One day I’m going to learn how to use the pipeline function instead of having a 50cell pipeline

#

X)

#

Does anyone know if using over sampling such as smote is even “fair”, I’m working on disease data and obviously it massively boosts score, but the bias just seems unrealistic as irl you’d never get a balanced sample

arctic blade Mar 26, 2022, 8:45 PM

#

Can i do an a level in AI in the UK? If so, what are the requirements?

mild dirge Mar 26, 2022, 8:57 PM

#

steady basalt Does anyone know if using over sampling such as smote is even “fair”, I’m workin...

Does it boost the performance on the test dataset too?

#

And if you did do it on testing data, did this have equal class distribution

#

And especially when you work with diseases, it is more important to not get false negatives, than minimizing the amount of false positives

lapis sequoia Mar 26, 2022, 8:59 PM

#

arctic blade Can i do an a level in AI in the UK? If so, what are the requirements?

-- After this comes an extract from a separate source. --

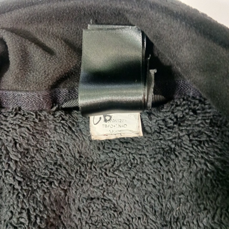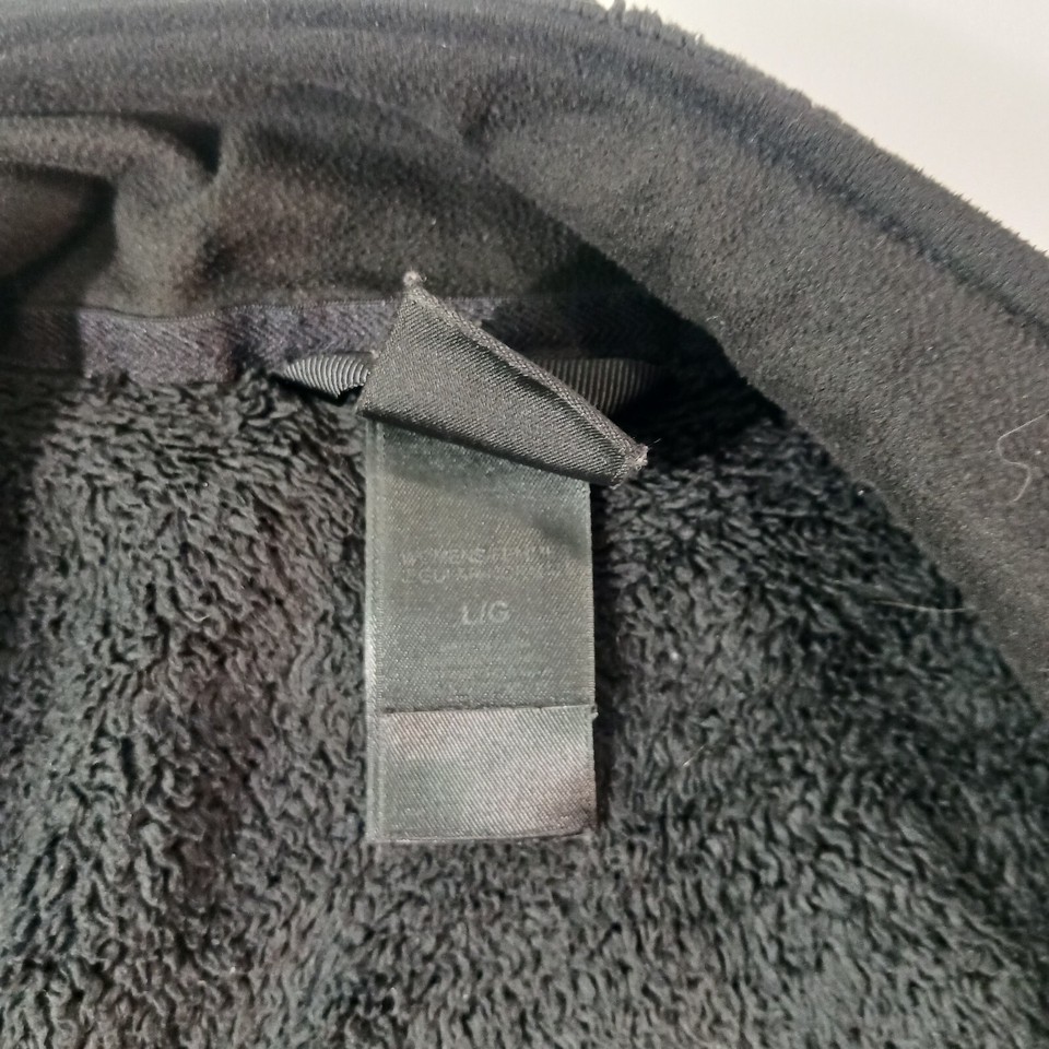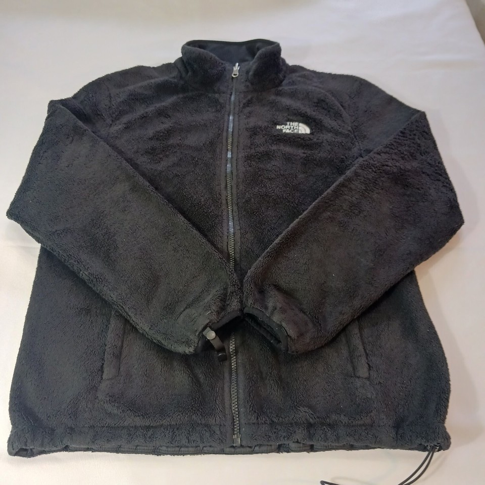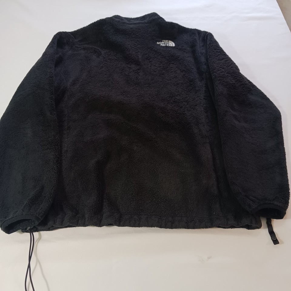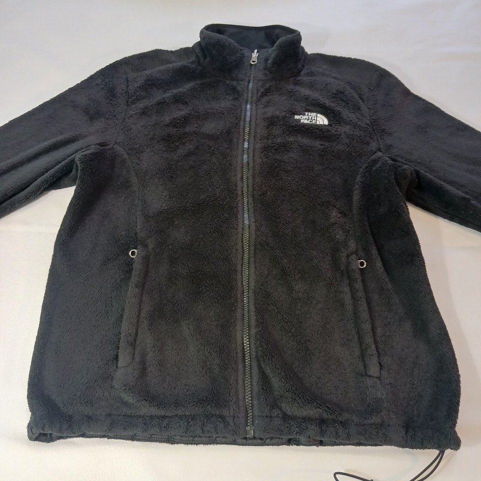 Stay warm and stylish with this black fleece jacket from The North Face. It features a full zip closure and long sleeves for the colder seasons of fall, winter, and spring. The jacket is made of polyester and has a regular fit, with a size of L. The exterior color is white, and the jacket has a basic style with pockets for added convenience.
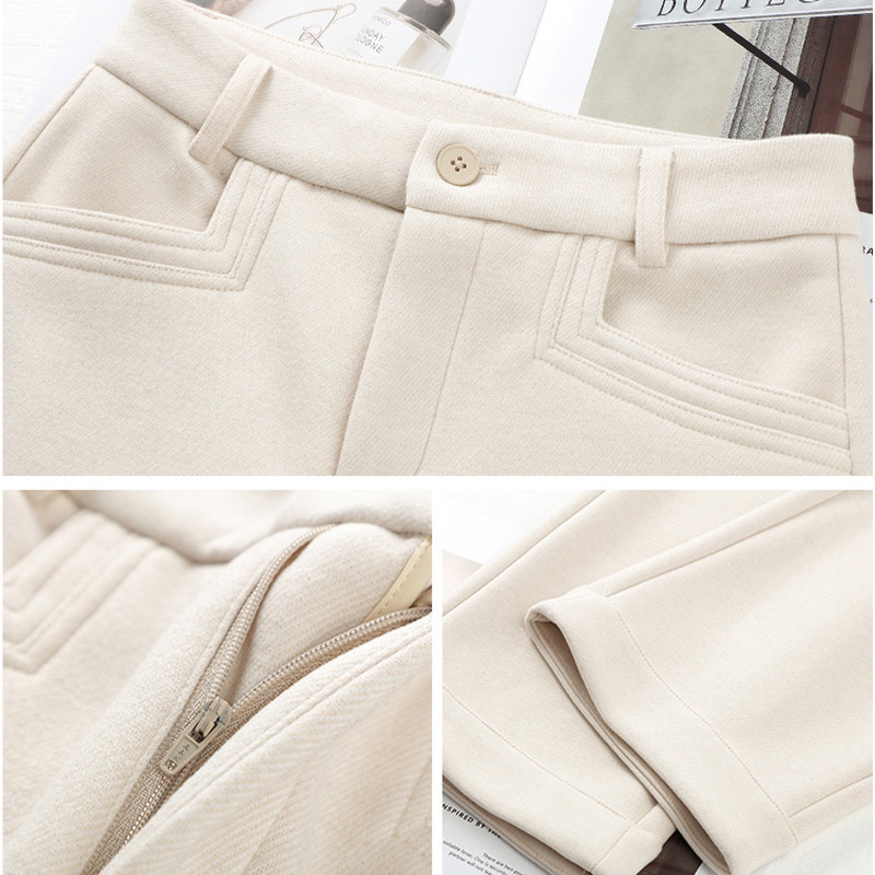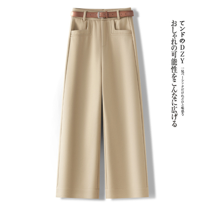 啄木鸟杏色毛呢阔腿裤女冬季呢子加绒加厚九分裤宽松显瘦直筒裤

I don't think there are, but some schools do offer computer science as an A-level like this one https://www.ocr.org.uk/Images/170176-programming-languages-guide.pdf

steady basalt Mar 26, 2022, 9:14 PM

#

mild dirge Does it boost the performance on the test dataset too?

What do you mean?

#

I am using cross validation, so yes?

#

I tested performance on k=10

mild dirge Mar 26, 2022, 9:14 PM

#

are you including upsampled data in that?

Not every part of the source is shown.